Brajesh kedia said:
Can anyone explain how the formula came and exactly if i ask for how 3 sides multiplication can bring the volume of container...the question arises how stuff can be measured in terms of no.?? And last but not the least how d=m/v and what's the concept that i can easily accept this formulas as othera
Volume is just a special word for the size of a room - it is how much space there is inside a boundary.
This is a concept you can hold in your head quite easily - some spaces you can fit lots into and some not so much. You should have an idea of what a volume
is without having a mathematical formula for it. If you are having trouble with the idea of "the size of an empty space", then you have bigger issues than we can handle in these forums.
You may, personally, have a feel for how big a particular space is, but what if you need to tell someone else how big it is? You could just show them, but the volume may be difficult to move about. You need a way to tell them how big your room is without them having to see it.
You could make a small model of the room, show them the model, and say "the room is just like this but 1000x bigger" or whatever. Then they would have an idea. But then you need to make a different model for every space you need to talk about - which can be cumbersome to carry around. Instead, it is more useful to make one small object and compare all spaces to that one ... you can say "the room is just like this cube only 5x wider, 3x taller, and 6x longer".
This object, then, becomes the "unit of volume" and the volume of the room becomes how many of those units you can fit inside the room.
By convention we use a cube as our unit of volume. We don't have to, but it is handy because simple rooms are rectangular.
To find the volume of a rectangular room, then, you fill it with unit cubes so there are no gaps and then just count them all.
That's the volume.

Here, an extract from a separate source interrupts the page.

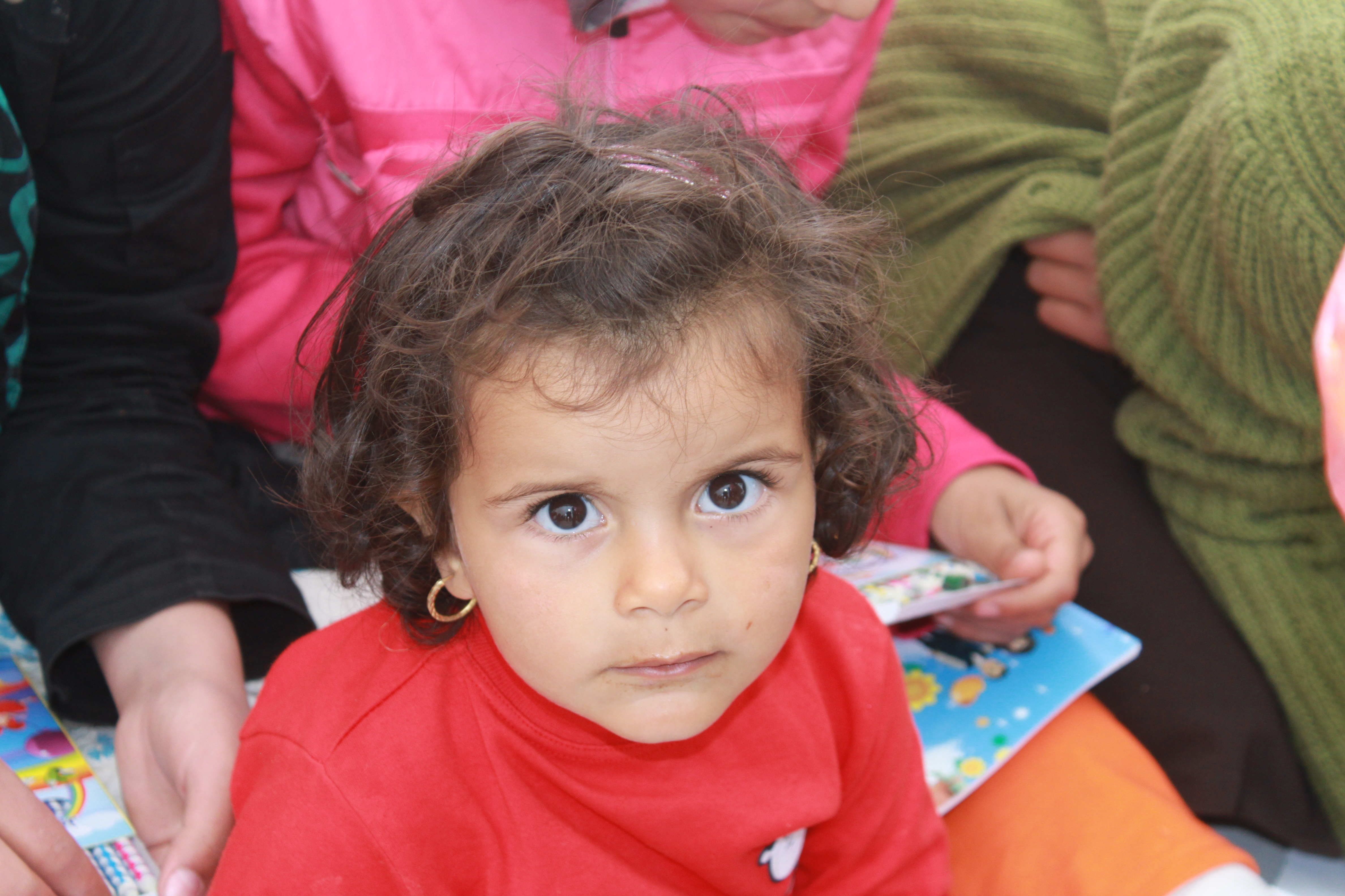 The 2012 East Azerbaijan earthquakes occurred near the cities of Ahar and Varzaqan in Iran's East Azerbaijan Province, on August 11, 2012, at 16:53 Iran Standard Time. The two quakes measured 6.4 and 6.3 on the moment magnitude scale, and were separated by eleven minutes. The epicenter of the earthquakes was 60 kilometers (37 miles) from Tabriz.

Everyone will understand wat we mean when we say the vlume is 235 unit cubes, provided we also show them the particular size cube we used.
By definition, the unit cube is 1 unit of volume.
But there is a shortcut - you can just count how many cubes fit along each edge of the room and multiply them together. When you do that, the product is the same as the total number of cubes - only you didn't have to count them all one at a time. So if the room was a cubes long, b cubes deep, and c cubes tall, then the volume is V=abc.
If b=a and c=a then V=a
3
With different shaped volumes we have to use other tricks to work out how many unit cubes fit inside it.
This is how all measures are done - to find a distance, we work out how many unit lengths fit inside that distance and we call that "
the distance". The area uses a unit area - which is usually a square made of two unit distances, for angle we use a unit circle, and so on. All "sizes" are actually comparisons to some standard "unit" size. The various equations are all about finding a shortcut to counting up the number of units one at a time.